**Exercise directions**
From the first line of the records below through the line with "تنفيذ لقاء توعوي", output each line exactly; skip the pictures.

**Stored items**
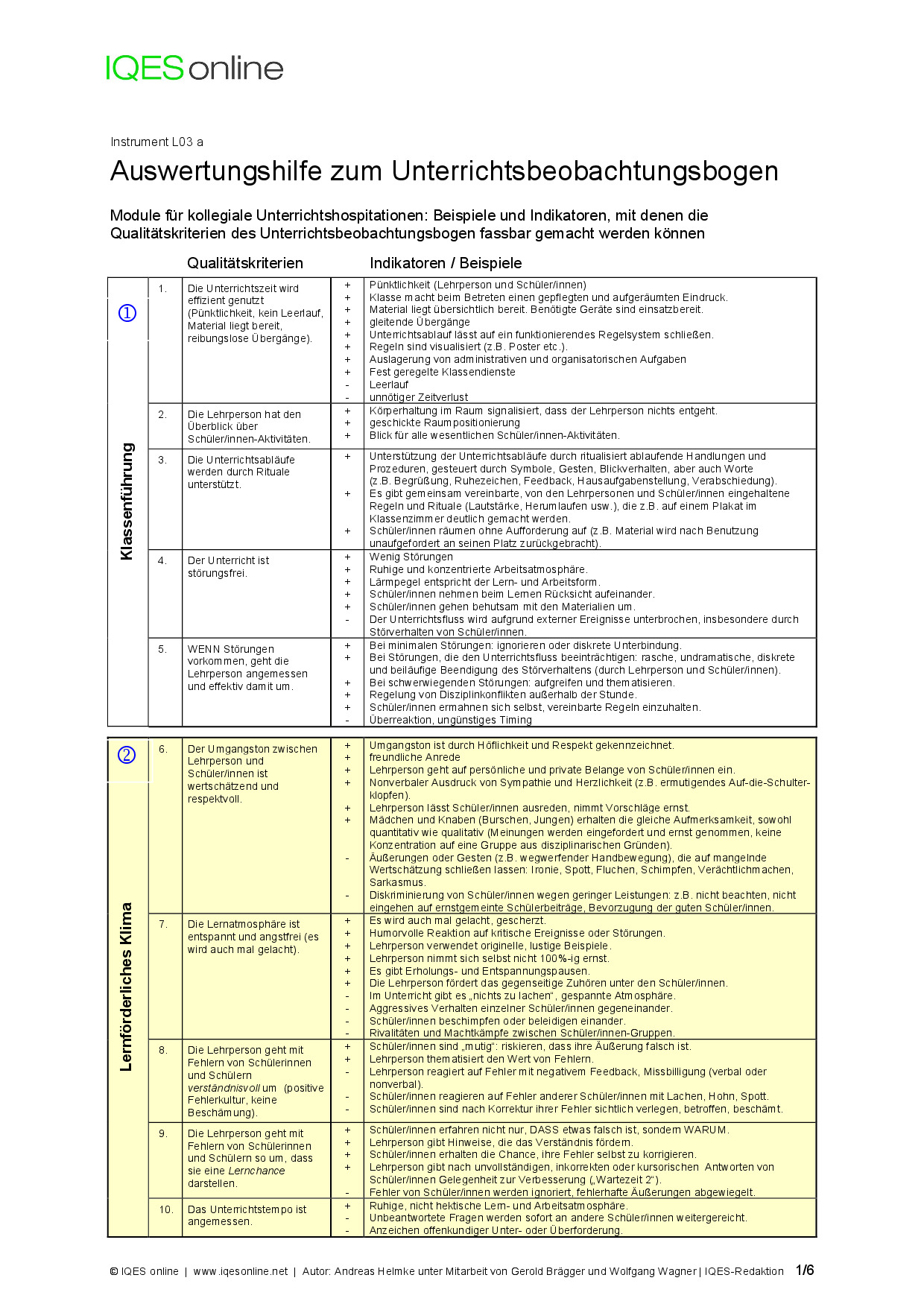 L03a Auswertungshilfe zum Unterrichtsbeobachtungsbogen
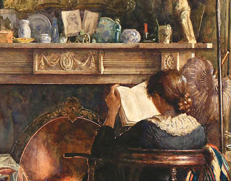 Artwork: “Mary Kelly reading a library book” by Charles Martin Hardie
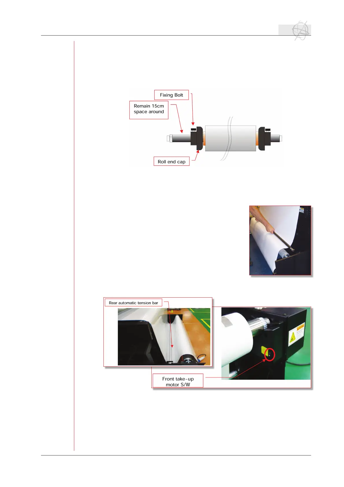 tioned on the left side of the printer and put the media roll bar in its holders.
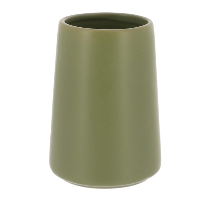 Deze kakigroene badkamerbeker met een strakke conische vorm en een inhoud van 420 ml is vervaardigd van stoneware, die duurzaamheid en een moderne uitstraling garandeert. Het minimalistische ontwerp en de kakigroene kleur voegen een eigentijds element toe aan de badkamer of keuken.
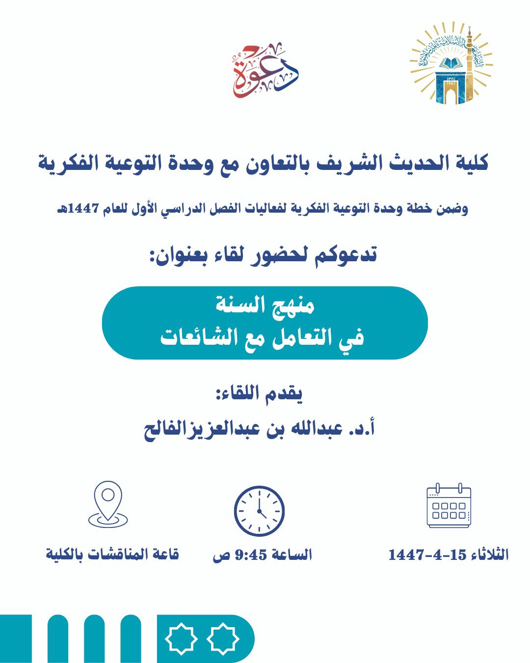 تنفيذ لقاء توعوي لطلاب كلية الحديث الشريف بالتعاون مع وحدة التوعية الفكرية يوم الثلاثاء 15-ربيع الثاني-1447
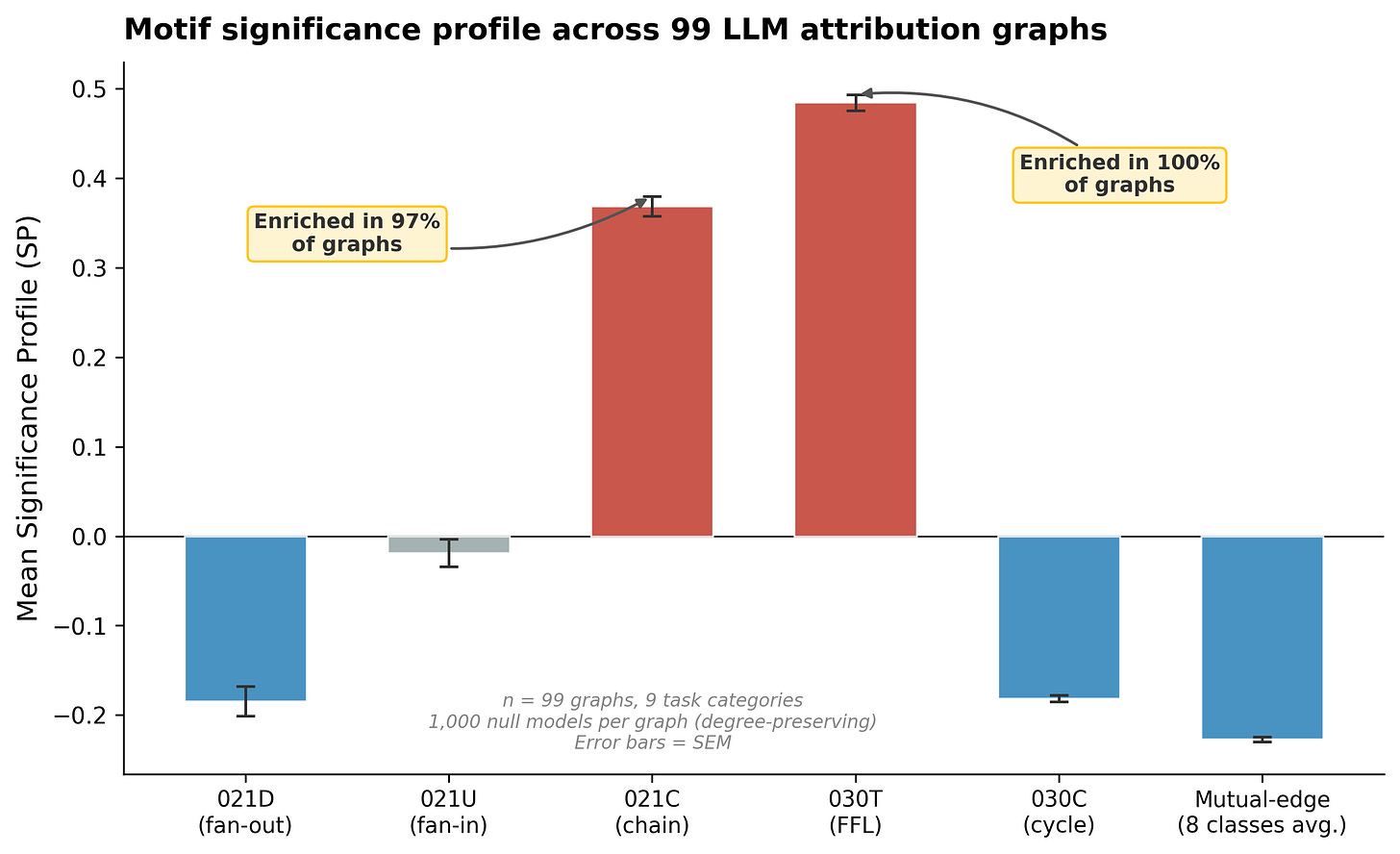 TL;DR: I have been analyzing attribution graphs manually and found it to be tedious and hard to scale. To help automate some of this process, I ported network motif analysis (the technique Uri Alon used to decode gene regulatory networks) into a tool for automatically fingerprinting the structural properties of transformer circuits. I ran it on 99 attribution graphs from Neuronpedia. The graphs are dominated by feedforward loops (FFLs), confirming that the tool recovers structure that Anthropic had previously observed qualitatively in individual circuits. The more interesting results are: (1) when I trace individual FFLs in a concrete circuit, they chain into multi-stage processing cascades with interpretable roles like grounding, entity resolution and output competition via inhibitory edges. And (2), the motif profiles show a consistent structural backbone across all task types but have with task-specific differences in the magnitude of individual motifs. The tool (circuit-motifs) is open source and runs on any attribution graph from Neuronpedia.
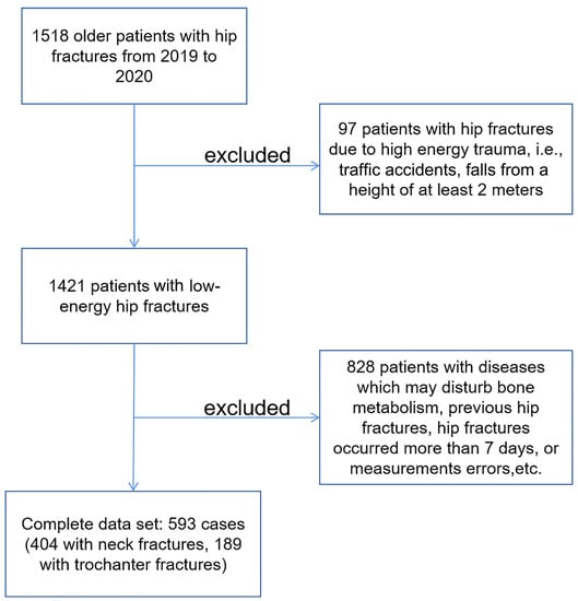 - Li, M.; Lv, H.C.; Liu, J.H.; Cui, X.; Sun, G.F.; Hu, J.W.; Zhang, L.C.; Tang, P.F. Differences in Bone Mineral Density and Hip Geometry in Trochanteric and Cervical Hip Fractures in Elderly Chinese Patients. Orthop. Surg. 2019, 11, 263–269. [Google Scholar] [CrossRef] [PubMed]
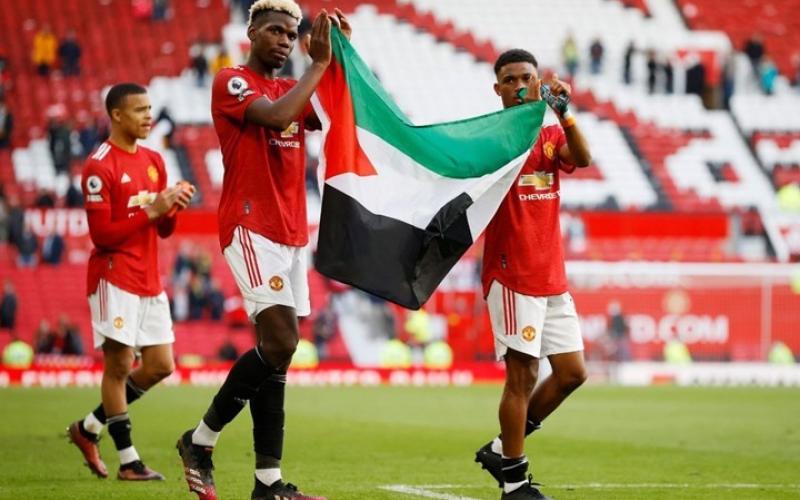 وظهر بوغبا وتراوري وهما يحملان العلم الفلسطيني بعد نهاية مباراة فريقهما أمام فولهام وذهبا لتحية الجماهير التي صفقت لهما ولبقية لاعبي اليونايتد.
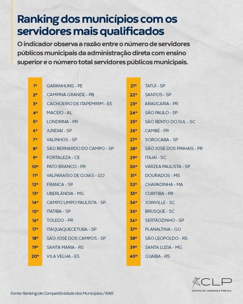 A informação foi divulgada pelo Centro de Liderança Pública (CLP) nesta terça-feira (24) A qualificação profissional dos servidores públicos do Governo Municipal de Valparaíso de Goiás, conquistou a 11ª colocação no ranking nacional de municípios, divulgado na manhã desta terça-feira (24), nas redes do Centro de Liderança Pública (CLP). A postagem ocorreu em decorrência ao dia do servidor público que será comemorado em todo o território brasileiro no dia 28 de outubro. Dos 40 municípios colocados como os melhores da lista, apenas Valparaíso de Goiás aparece entre os 15 colocados representando o estado de Goiás, ficando na frente de cidades como Franca (SP), Uberlândia (MG), Vila Velha (ES) e até mesmo da capital paulista, que no ranking ocupa o 24º lugar. Para conferir a postagem do CLP, basta acessar o link abaixo: SECOM/PMVG
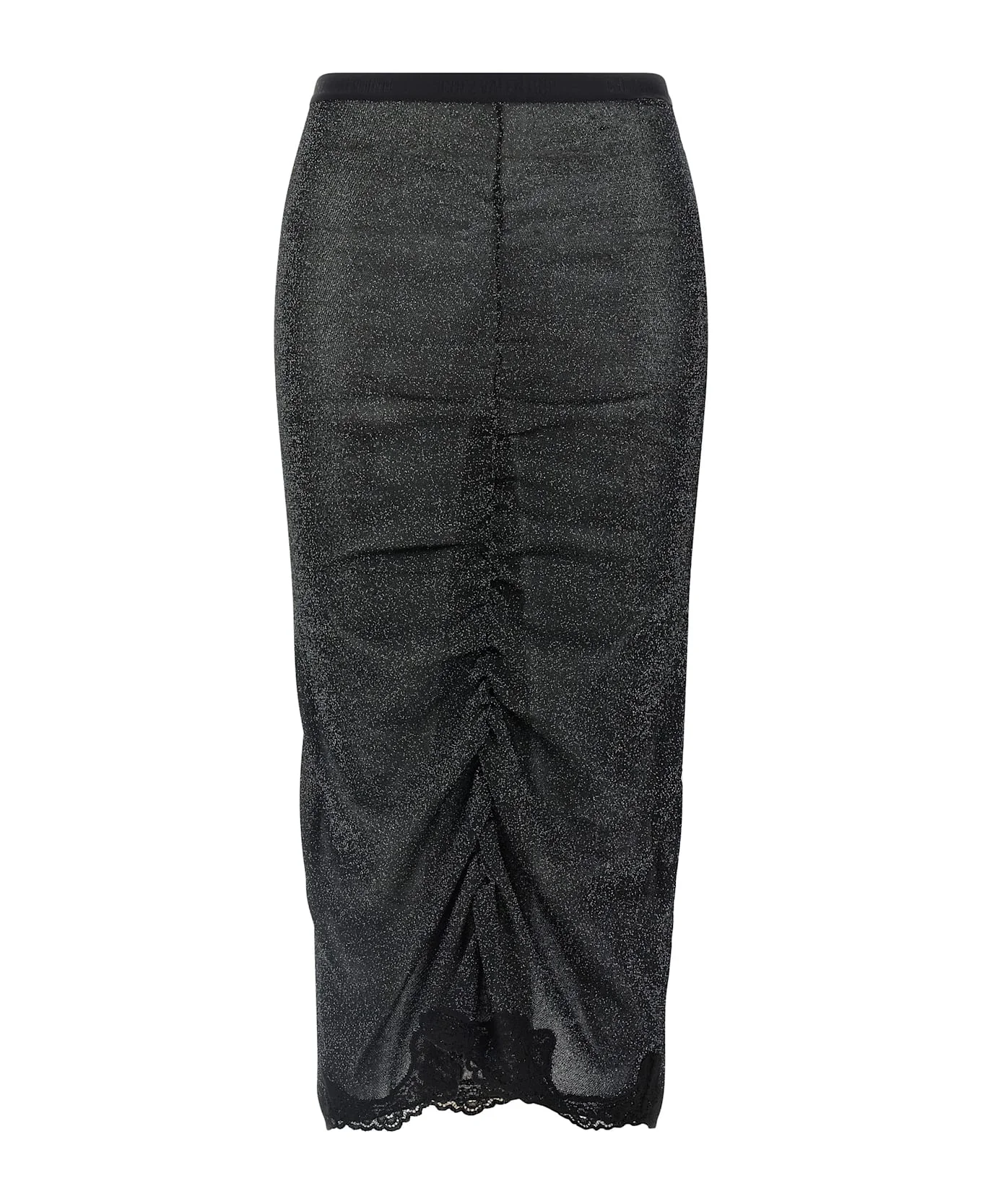 Lurex knit midi skirt, central front curl, lace insert on the hem, elastic waistband with embossed logo. Composition: 81% viscose 19% metallised fiber Made in: Italy Color: Black Size and fit: - True to size fit Model number: B0KG05VA8SNUD
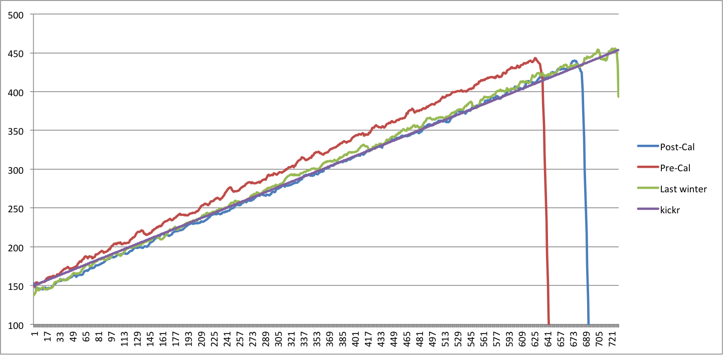 Nachdem mein Kickr über den Sommer offensichtlich ordentlich aus dem Ruder gelaufen ist – die Vector Pedale lieferten beständig wesentlich höhere Werte als üblich – habe ich mir von Martin Ganglberger (bikeboard) das Kickr Calibration Kit ausgeborgt und damit meinen Kickr neu kalibriert. Davor und danach bin ich jeweils einen Stufenleistungstest gefahren.
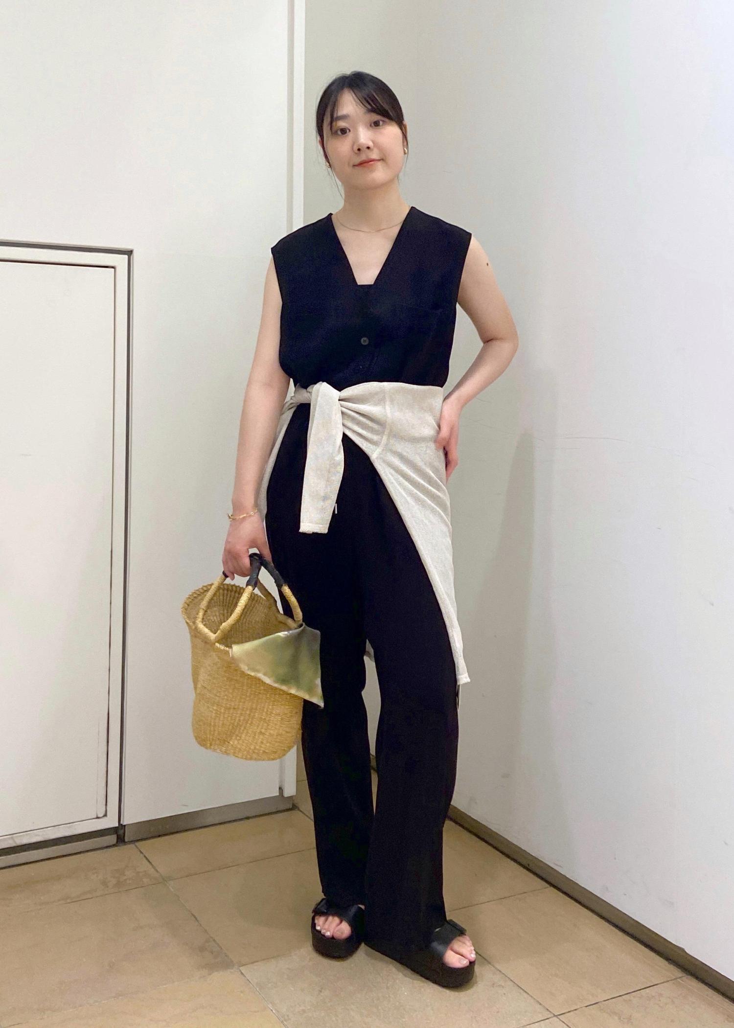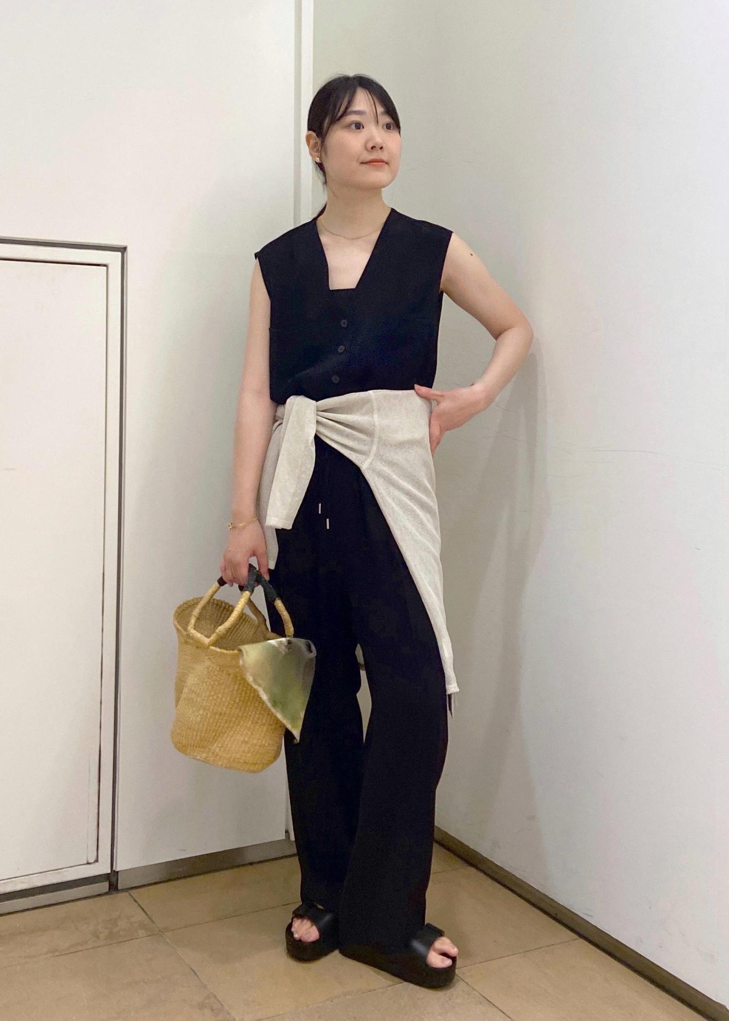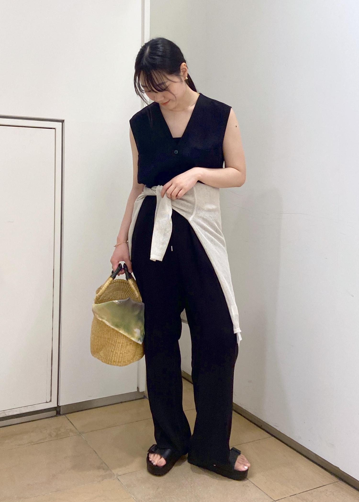 落ち感のあるシルエットがきれいで、シワになりにくいお素材です。

**Result for this exercise**
 L03a Auswertungshilfe zum Unterrichtsbeobachtungsbogen
 Artwork: “Mary Kelly reading a library book” by Charles Martin Hardie
 tioned on the left side of the printer and put the media roll bar in its holders.
 Deze kakigroene badkamerbeker met een strakke conische vorm en een inhoud van 420 ml is vervaardigd van stoneware, die duurzaamheid en een moderne uitstraling garandeert. Het minimalistische ontwerp en de kakigroene kleur voegen een eigentijds element toe aan de badkamer of keuken.
 تنفيذ لقاء توعوي لطلاب كلية الحديث الشريف بالتعاون مع وحدة التوعية الفكرية يوم الثلاثاء 15-ربيع الثاني-1447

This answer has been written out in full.